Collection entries
===

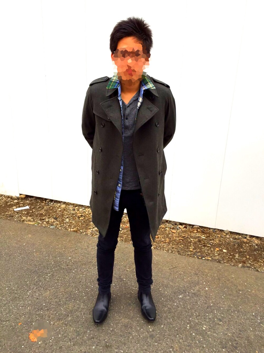 原宿にいってきましたー(^_^) まだまだ意外と寒いからコート着た^ ^ この暗い緑のトレンチコート結構お気に入り!! その下に同系色のチェック着てみました(^_^) 下はお気に入りのドクターデニムです! アドバイスお願いします!
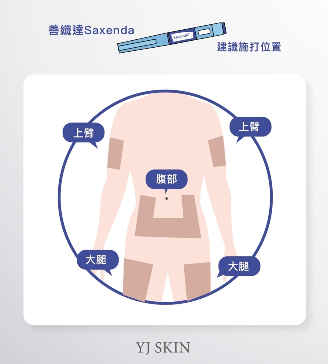 醫師小撇步 *最佳注射部位為腹部(與肚臍保持5cm的距離)、上臂(外側中段)、大腿(前外側上1/3 處)的皮下,容易操作且安全。初次使用Saxenda善纖達的人,建議可以選擇腹部作為施打部位,操作上盡量避開肚臍,選擇肚臍外5公分的位置,才不會打到神經血管較密集的區域,由於腹部施打面積較大,吸收速度會比較快,使用者可以等到熟悉施打流程後,再與其他區域做輪替。需要特別注意的部分是每次施打後務必取下Saxenda善纖達針頭,注射筆存放時不可以裝有針頭,並且拆下來的針頭也不可以重複使用,當次用完就要丟棄,以免造成汙染、滲漏甚至傷口感染。 *每天一次的皮下注射,可以選擇腹部(與肚臍保持5cm的距離) ,上臂或大腿前外側,建議以新手使用者可以腹部範圍為優先施打的部位,容易操作且安全。
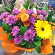 Стандартный (на фото): хризантема кустовая ромашковая (фиолетовая) - 3 шт, гербера желтая - 3 шт, роза кустовая оранжевая/розовая - 1 шт (в центре), рускус или салал, фетр оранжевый. Примерный размер: 25Х25 см.
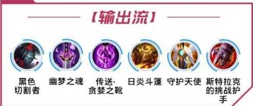 输出流出装:黑色收割者+幽梦之魂+传送·贪婪之靴+日炎斗篷+守护天使+斯特拉克的挑战护手。
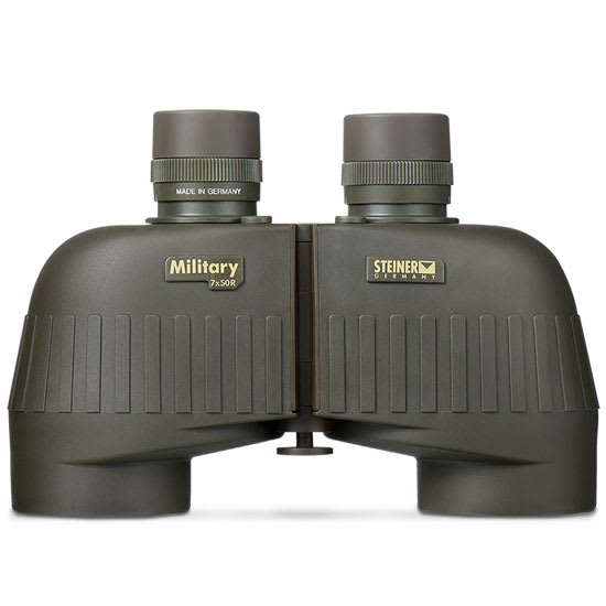 The Steiner Military M50r 7x50 binoculars are built for all conditions to extreme darkness to blistering sun, freezing cold to desert heart. These binoculars feature an integrated compass, mid-90% light transmission, floating prism system, multi-coated optics, Sports-Auto Focus system, N2 injection system, cylindrical eyecups, NBR Rubber Armoring, Makrolon housing, and a ranging reticle.
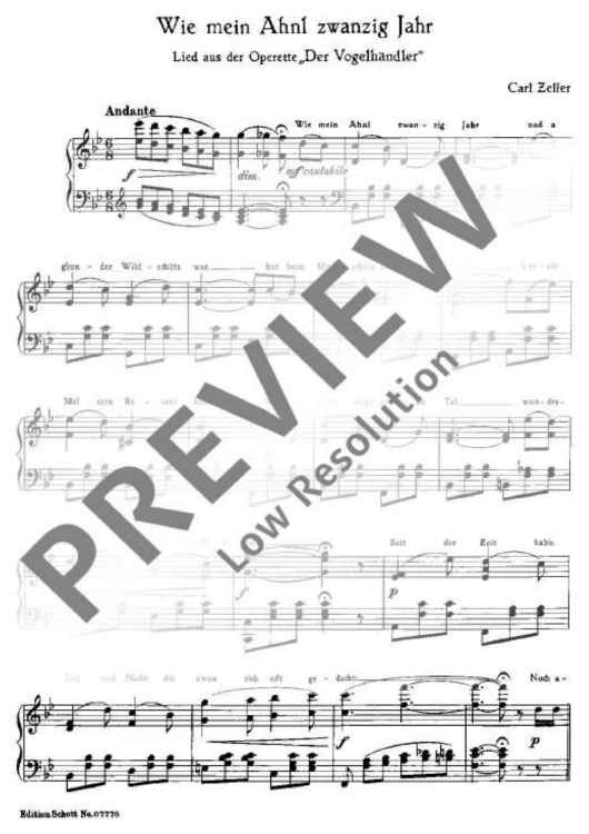 Digital Sheet Music for Wie mei Ahnl zwanzig Jahr by Carl Zeller scored for Piano; id:482323
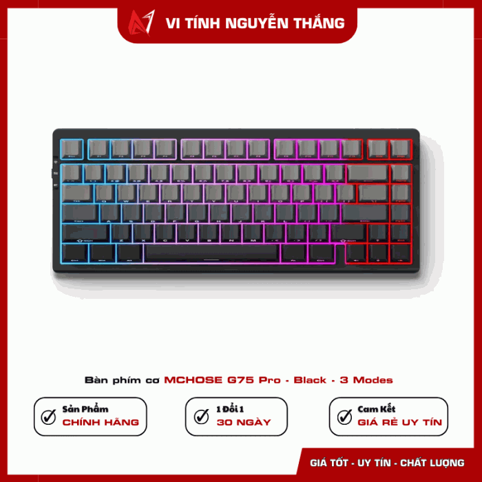 MCHOSE G75 Pro Black là mẫu bàn phím cơ được thiết kế dành cho người dùng yêu cầu cao về cảm giác gõ, độ hoàn thiện và khả năng tùy biến sâu. Với layout 75% gọn gàng, cấu trúc gasket mount cao cấp cùng kết nối ba chế độ, sản phẩm phù hợp cho cả môi trường làm việc chuyên nghiệp lẫn nhu cầu chơi game, giải trí cường độ cao.
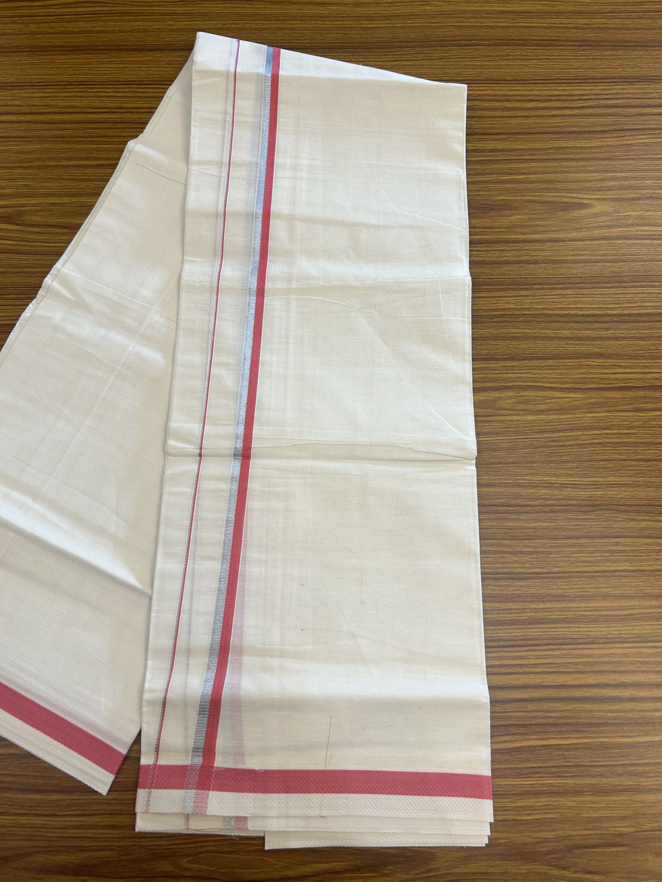 9% Discount! KaithariKada Balaramapuram 100% Cotton Single Off White - (Unbleached) Mundu/Dhoti - 100x80 - 0.5 inch Silver Kasav & Red Pink kara (2 meter / 4 muzham) - 60 KK52313 PMC
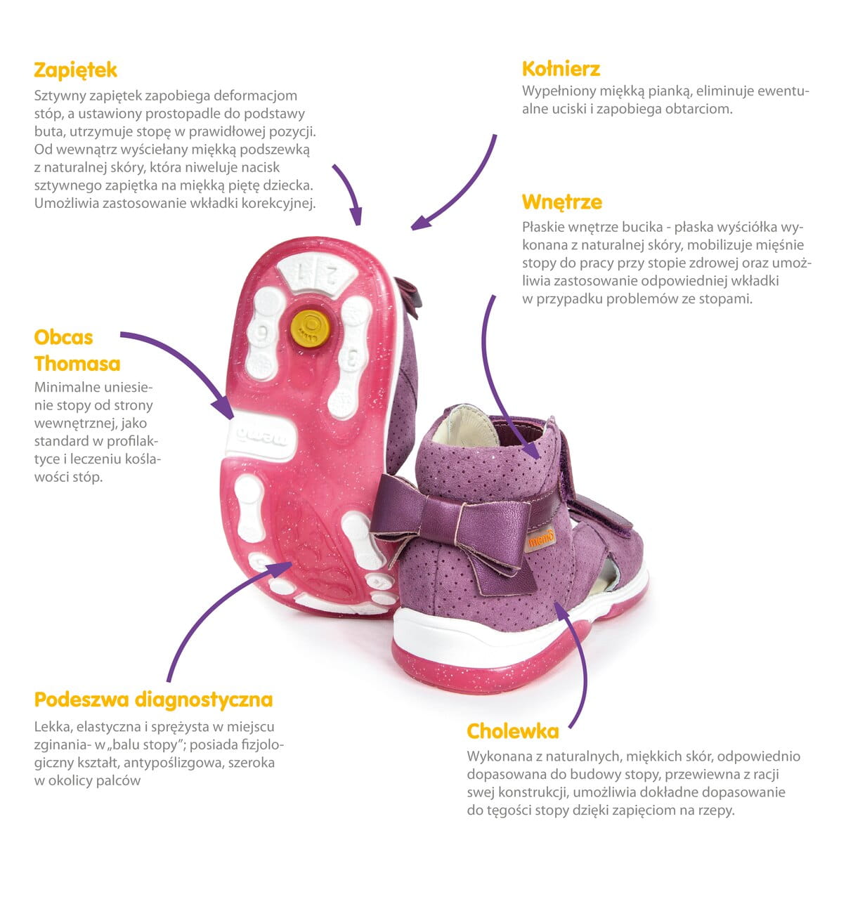 Obuwie zdrowotne dla dzieci stanowi istotny temat, którego znaczenie dla rozwoju najmłodszych nie może być lekceważone. Buty pełnią znaczącą rolę nie tylko w zapewnieniu komfortu i wygody, ale również w prawidłowym rozwoju stóp oraz całego układu kostno-mięśniowego. Buciki Memo to obuwie zdrowotne pełniące funkcję profilaktyczną, zapobiegając przede wszystkim rozwojowi wad postawy oraz powstawaniu płaskostopia i koślawości stóp oraz kolan u dzieci. Dzięki zastosowaniu unikatowych technologii buciki Memo gwarantują profesjonalne wsparcie i prawidłowy rozwój dziecięcych stóp.
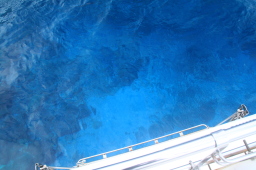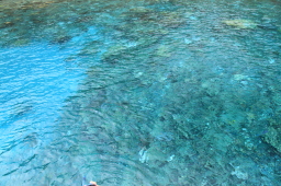 | これは船の上から船の脇を泳ぐ魚を撮ったものです。 まるで魚が水の上を浮いているようにしか見えないです。 それくらい水が澄んでいました。 |
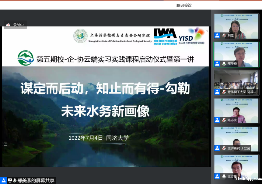 7月4日上午,第五期全国“校-企-协云端实习”暑期课程在云端拉开帷幕。第一讲特邀北控水务集团有限公司高级副总裁于立国,为全国环境学子们带来题为《谋定而后动,知止而有得——勾勒未来水务新画像》的讲座。来自全国20个省市自治区、40多所高校、9家企事业单位1200余名环境学子,通过腾讯会议在线参与了课程第一讲的学习。青岛理工大学的师生代表们同步通过智慧教室实现了跨时空共享共学。此外,课程教学团队还在超星学习通平台上,为参与高校学生建立了67个班级,为同学们提供预习、提问、考查、回看等全链条学习资源。

===

**WORK INSTRUCTION**
Precisely those lines above that run from the line with "Digital Sheet Music" up to and including the line with "9% Discount! KaithariKada" are to be set down, with the pictures omitted.

**RESPONSE FOR THIS EXERCISE**
 Digital Sheet Music for Wie mei Ahnl zwanzig Jahr by Carl Zeller scored for Piano; id:482323
 MCHOSE G75 Pro Black là mẫu bàn phím cơ được thiết kế dành cho người dùng yêu cầu cao về cảm giác gõ, độ hoàn thiện và khả năng tùy biến sâu. Với layout 75% gọn gàng, cấu trúc gasket mount cao cấp cùng kết nối ba chế độ, sản phẩm phù hợp cho cả môi trường làm việc chuyên nghiệp lẫn nhu cầu chơi game, giải trí cường độ cao.
 9% Discount! KaithariKada Balaramapuram 100% Cotton Single Off White - (Unbleached) Mundu/Dhoti - 100x80 - 0.5 inch Silver Kasav & Red Pink kara (2 meter / 4 muzham) - 60 KK52313 PMC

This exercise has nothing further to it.